*** Opening of Task material ***

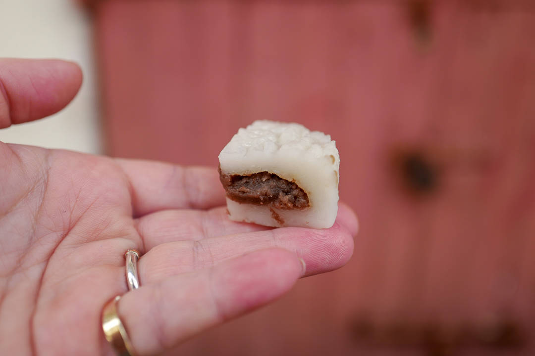 Siste stopp på Food Tour’n er et annet kinesisk sted som selger søtsaker. Chu Finn Leung selger myke dessertboller laget av ris fylt med rød bønnepaste. Det er nesten som de japanske mochie. Fyllet smaker nydelig og konsistensen er ikke så klissete som jeg trodde det skulle være. Vi får også smake på krystallisert papaya. Nydelig.
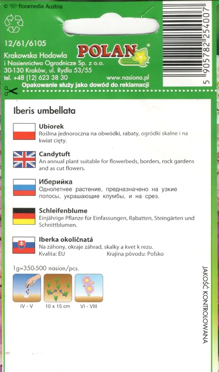 Tagy : iberka, iberka okolíkatá, Iberis umbellata, letničky, osivo, semena květin, medonosné rostliny, včely v zahradě, rychlerostoucí květiny, nízké letničky, skalky, obruby záhonů, kvetoucí koberec, nenáročné květiny, směs barev, jarní výsev
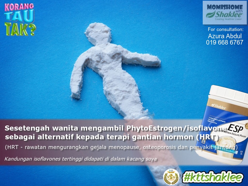 Ramai juga wanita yang beralih kepada PhytoEstrogen (isoflavones) sebagai alternatif untuk HRT. InSyaaAllah PhytoEstrogen (plant-based estrogen) tidak mempunyai risiko seperti di atas.
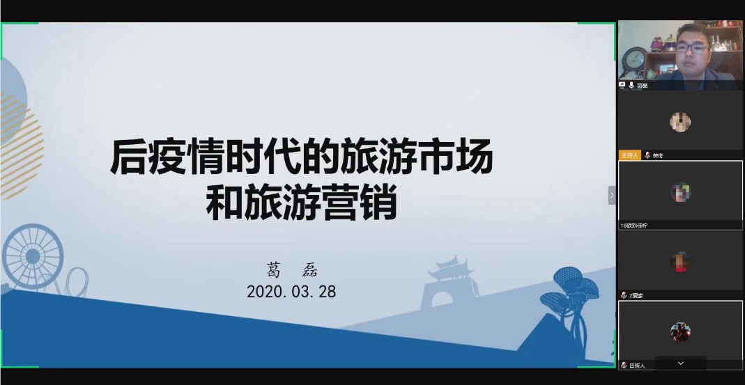 查看详情(通讯员:田哲人)2020年3月29日,yl23455永利官网举办线上MTA紫金大讲堂,中国旅游协会旅游营销分会副会长、中青旅联科公关顾问有限公司执行总经理、清华大学国家形象传播研究中心特约研究员葛磊为大家带来后疫情时代的旅游市场和旅游营销主题讲座。讲座由副院长陈晔教授主持,在学研究生和部分教师参加。讲座伊始,葛磊分析了新冠疫情对我国旅游业的影响,列举了“黑天鹅事件”对我国旅游业影响的数据,认为疫情的全球蔓延、...
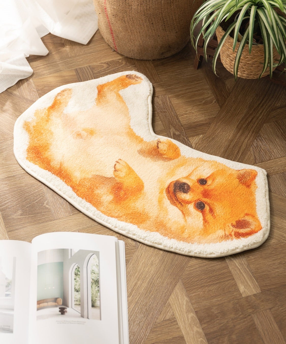ごろんとお腹を見せるワンちゃんデザインのもこもこ起毛ミニマットが新登場。
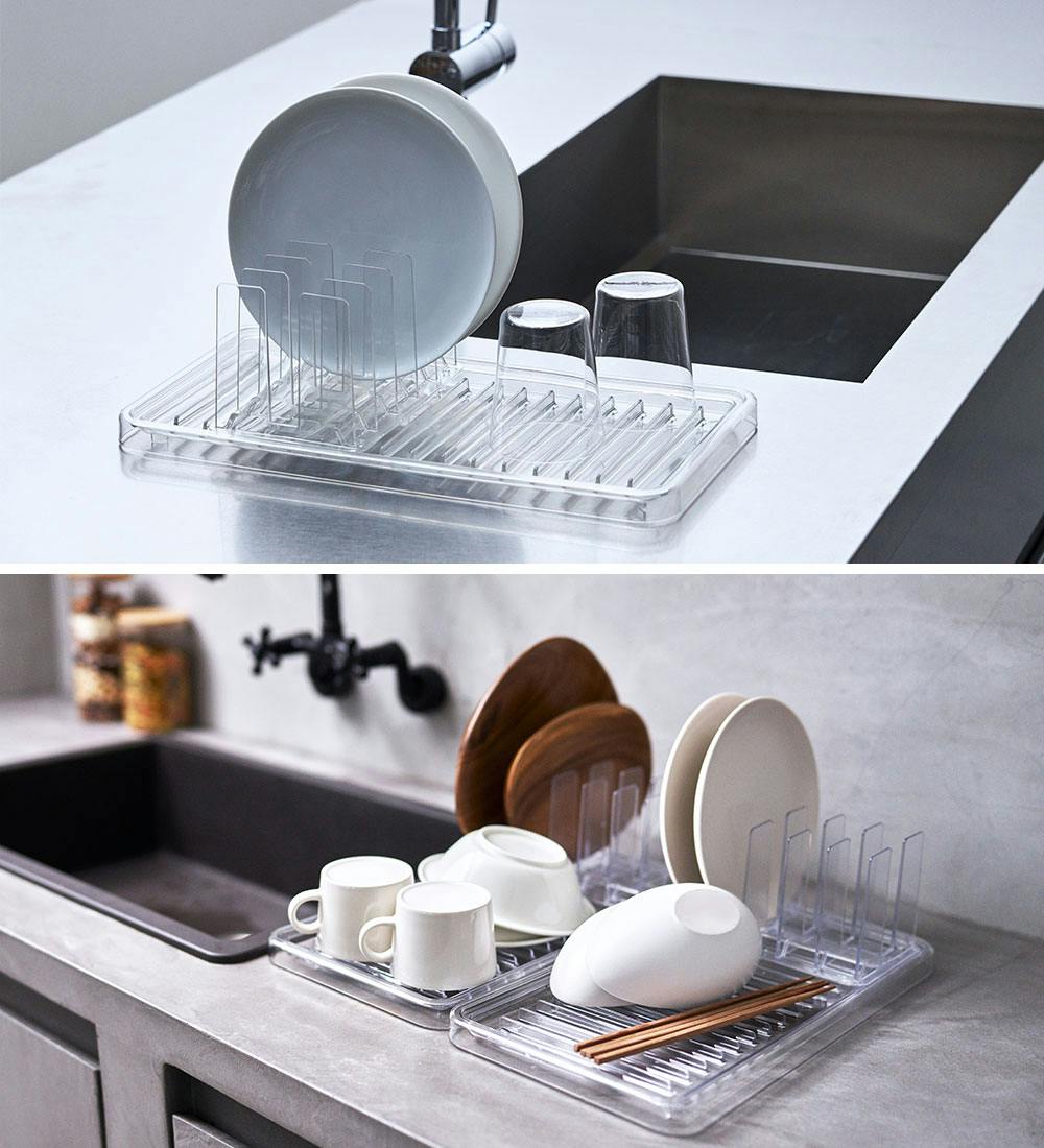 クリア素材でどんなキッチンにも溶け込むスタンディングドレイナー。 キッチンに置いても存在感を感じません。
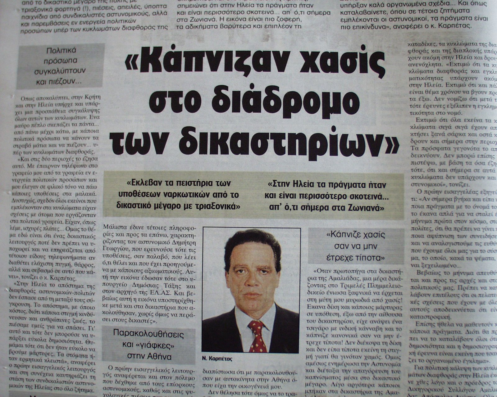 «Το είχε πει κι ο παλιός μας νομάρχης: το χασίσι της Ηλείας είναι ΑΑΑ», λέει ο Μάκης, ο ανταποκριτής μας στον Πύργο. Καλές καβάτζες, πλούσια χώματα, ποτάμια, ρεματιές: το σκηνικό είναι ιδανικό για το απαγορευμένο χορτάρι. Η καλλιέργεια του χασίς είναι στο νομό οικογενειακή υπόθεση χρόνια τώρα. Κάποια χρονική περίοδο, όταν τα πράγματα ζόρισαν για τους εδώ καλλιεργητές, παρατηρήθηκε το φαινόμενο της μετανάστευσης σε άλλους νομούς και εξαγωγή τεχνογνωσίας σε δύσβατες περιοχές της Μεσσηνίας και της Αρκαδίας.Οι αστυνομικοί που ανεβοκατεβαίνουν τους ορόφους του κτιρίου προσπερνούν βιαστικά τα δέματα με τις φούντες. Κάποιες άλλες εποχές, κάποιοι συνάδελφοί τους έστηναν πανηγύρι γύρω απ’ αυτά… Δεν πάει καιρός που χάρη στις αποκαλύψεις της «Ε» εξαρθρώθηκε ένα κύκλωμα διεφθαρμένων Ηλείων αστυνομικών, οι οποίοι καταδικάστηκαν σε πολυετείς καθείρξεις.
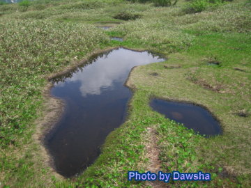 彌陀高原位於海拔1930公尺高的立山山麓上,它是由10萬年前立山火山爆發後的熔岩,所堆積形成的火山泥炭台地。經過多年積雪與低溫潮濕的氣候,形成了日本最高的高原濕地,這裡有著各式各樣珍貴的高山植物與濕地植物覆蓋在這片大地上,以及散佈了3000個大大小小的水塘在其中。這些水塘就是俗稱『餓鬼田』的沼池。
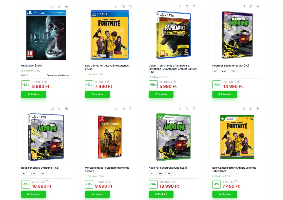 Kezdjük is a kevésbé szokványos kategóriával. Ahogy a képen is látható, már a legfrissebb Need For Speedet is combos kedvezménnyel vásárolhatjuk meg. Ha inkább a Fortnite világa érdekel minket, akkor sem kell messzire menni, hiszen a nem olyan rég debütált Anime Legends Bundle-t több platformra is megvásárolhatjuk. Akkor sem kell aggódni, ha nem a szokványos PlayStation, Xbox vonalon mozognánk, hiszen több Switch játékra is lecsaphatunk a Gamer Húsvét alatt.
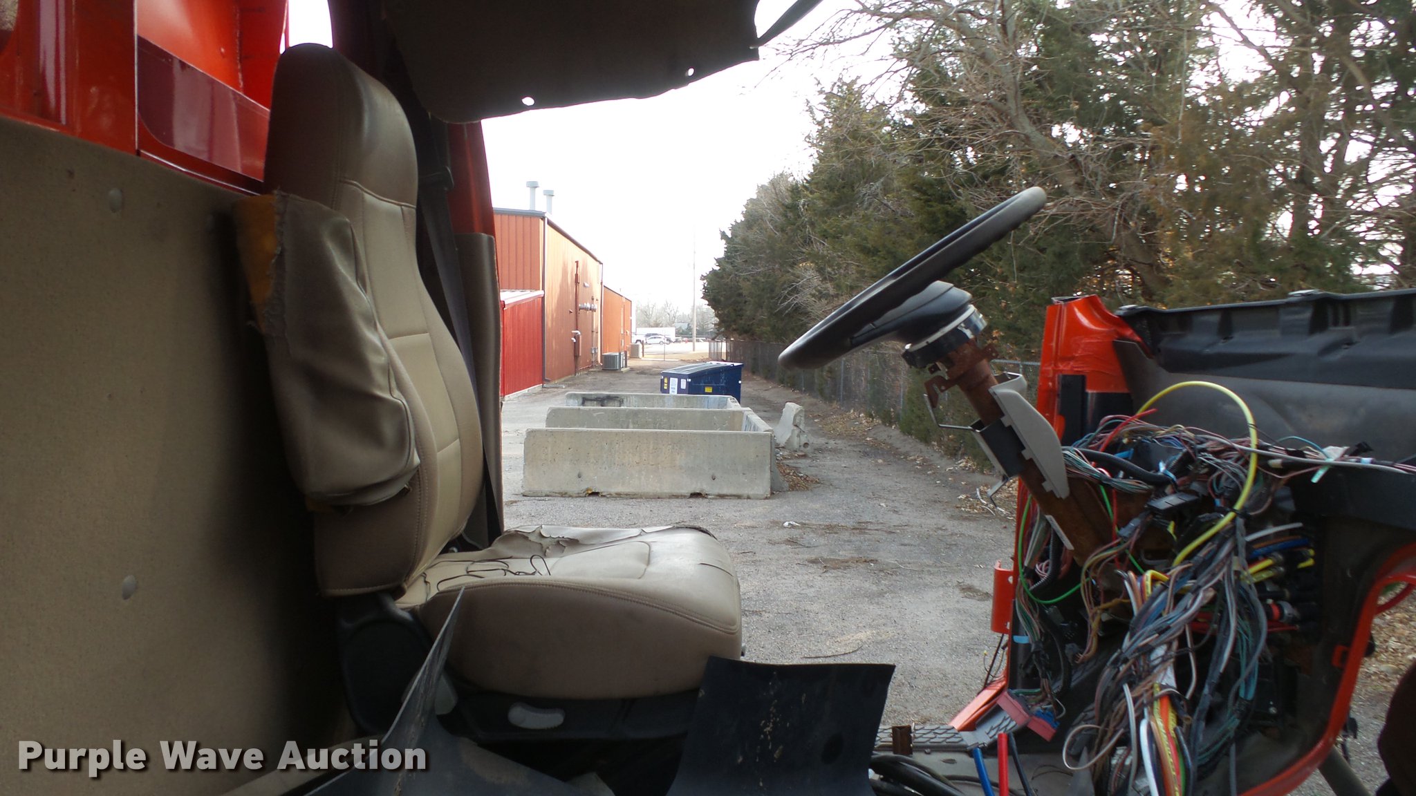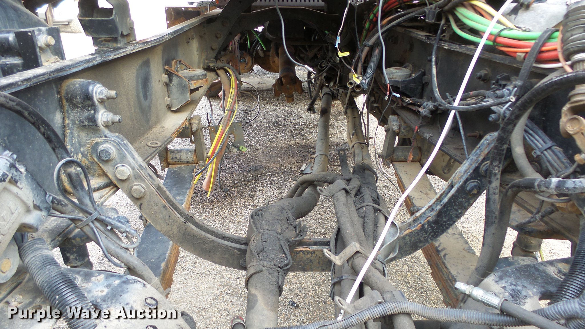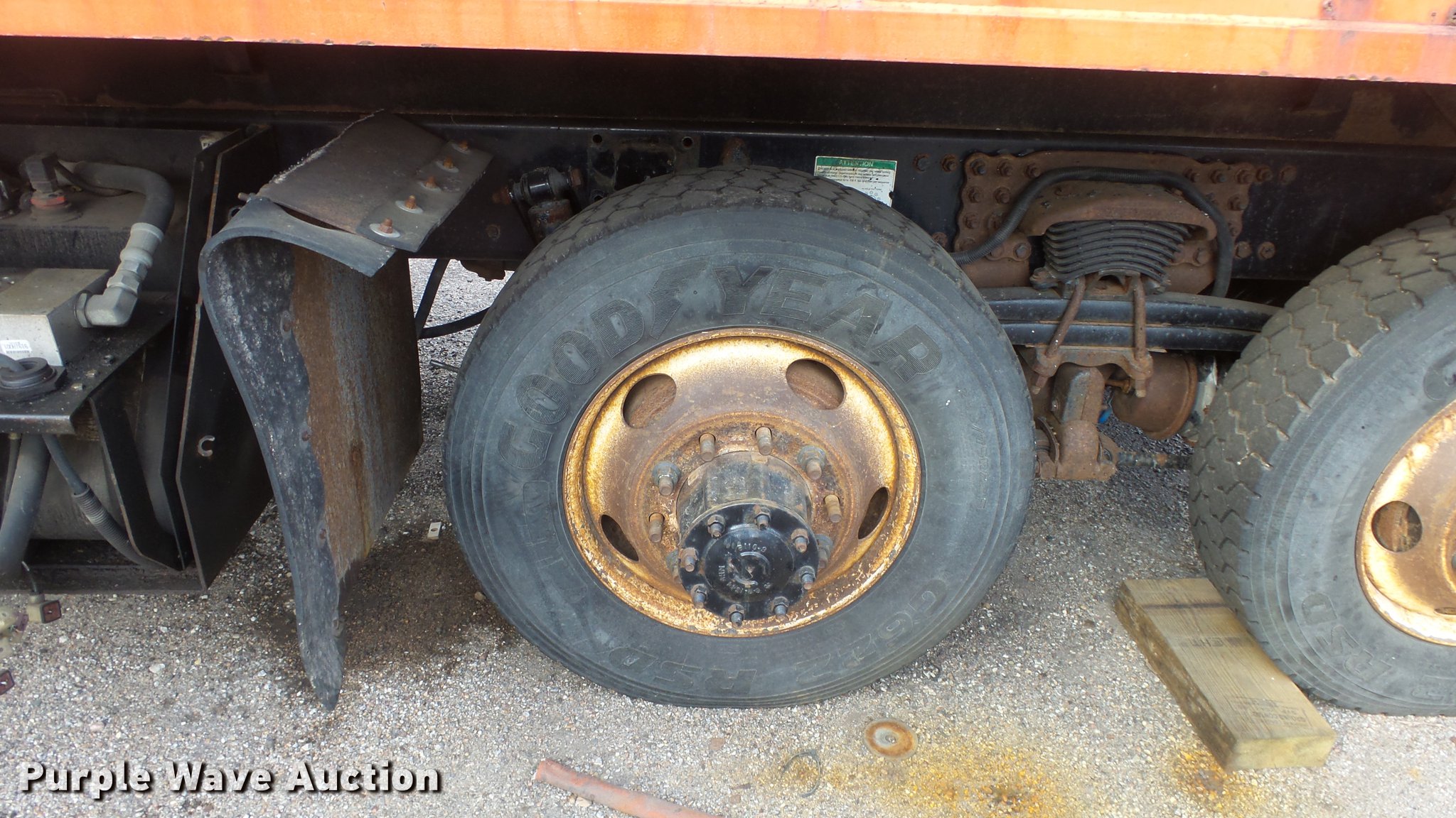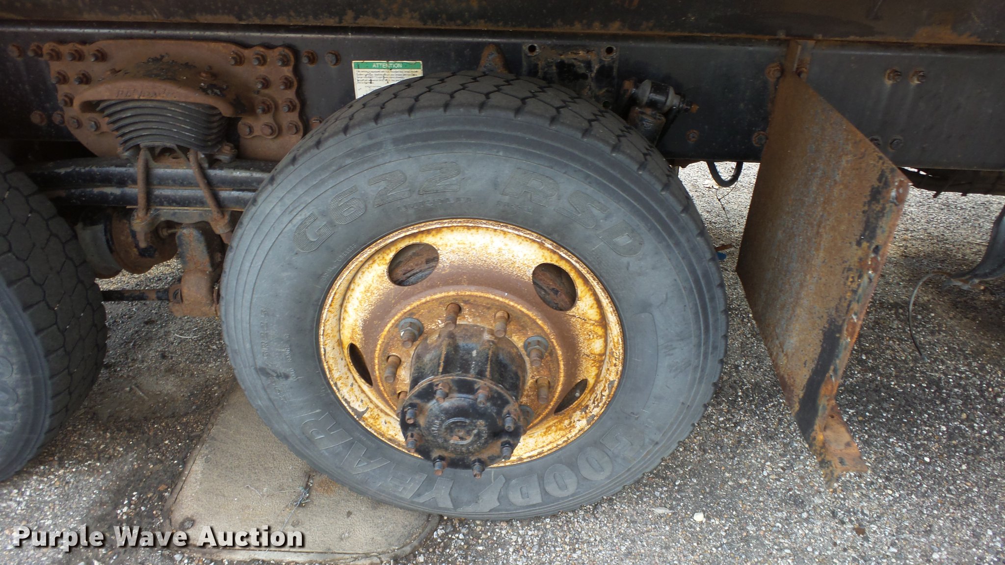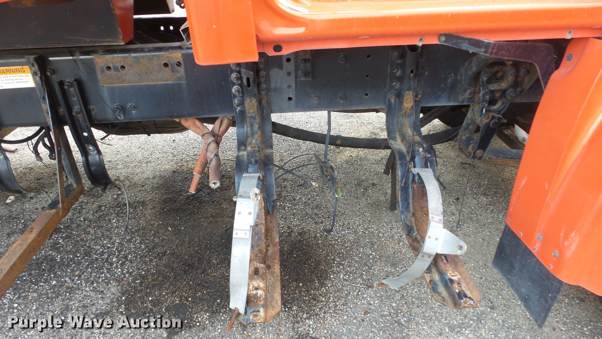 Purple Wave is selling a used Construction Dump Truck in Kansas. This item is a 2009 Sterling LT7501 dump truck with the following: 93,552 miles on odometer, No engine, No transmission, Tandem axle, Henderson 13.5XHX25277XKDOT steel dump bed, 13.5'L x 8'W, Single ram hoist, Pintle htich, Spring suspension, Air brakes, 275/80R22.5 front tires, 295/75R22.5 rear tires, Vehicle wrecked, Parts missing, Hydraulics removed, Body parts missing, Outer rear wheels missing, Lug nuts missing, KDOT ID 263-3118

*** Close of Task material ***

- Activity
Please quote exactly the run of lines that starts the entries and ends at the line containing "クリア素材でどんなキッチンに", leaving out every picture.

- Task answer
 Siste stopp på Food Tour’n er et annet kinesisk sted som selger søtsaker. Chu Finn Leung selger myke dessertboller laget av ris fylt med rød bønnepaste. Det er nesten som de japanske mochie. Fyllet smaker nydelig og konsistensen er ikke så klissete som jeg trodde det skulle være. Vi får også smake på krystallisert papaya. Nydelig.
 Tagy : iberka, iberka okolíkatá, Iberis umbellata, letničky, osivo, semena květin, medonosné rostliny, včely v zahradě, rychlerostoucí květiny, nízké letničky, skalky, obruby záhonů, kvetoucí koberec, nenáročné květiny, směs barev, jarní výsev
 Ramai juga wanita yang beralih kepada PhytoEstrogen (isoflavones) sebagai alternatif untuk HRT. InSyaaAllah PhytoEstrogen (plant-based estrogen) tidak mempunyai risiko seperti di atas.
 查看详情(通讯员:田哲人)2020年3月29日,yl23455永利官网举办线上MTA紫金大讲堂,中国旅游协会旅游营销分会副会长、中青旅联科公关顾问有限公司执行总经理、清华大学国家形象传播研究中心特约研究员葛磊为大家带来后疫情时代的旅游市场和旅游营销主题讲座。讲座由副院长陈晔教授主持,在学研究生和部分教师参加。讲座伊始,葛磊分析了新冠疫情对我国旅游业的影响,列举了“黑天鹅事件”对我国旅游业影响的数据,认为疫情的全球蔓延、...
ごろんとお腹を見せるワンちゃんデザインのもこもこ起毛ミニマットが新登場。
 クリア素材でどんなキッチンにも溶け込むスタンディングドレイナー。 キッチンに置いても存在感を感じません。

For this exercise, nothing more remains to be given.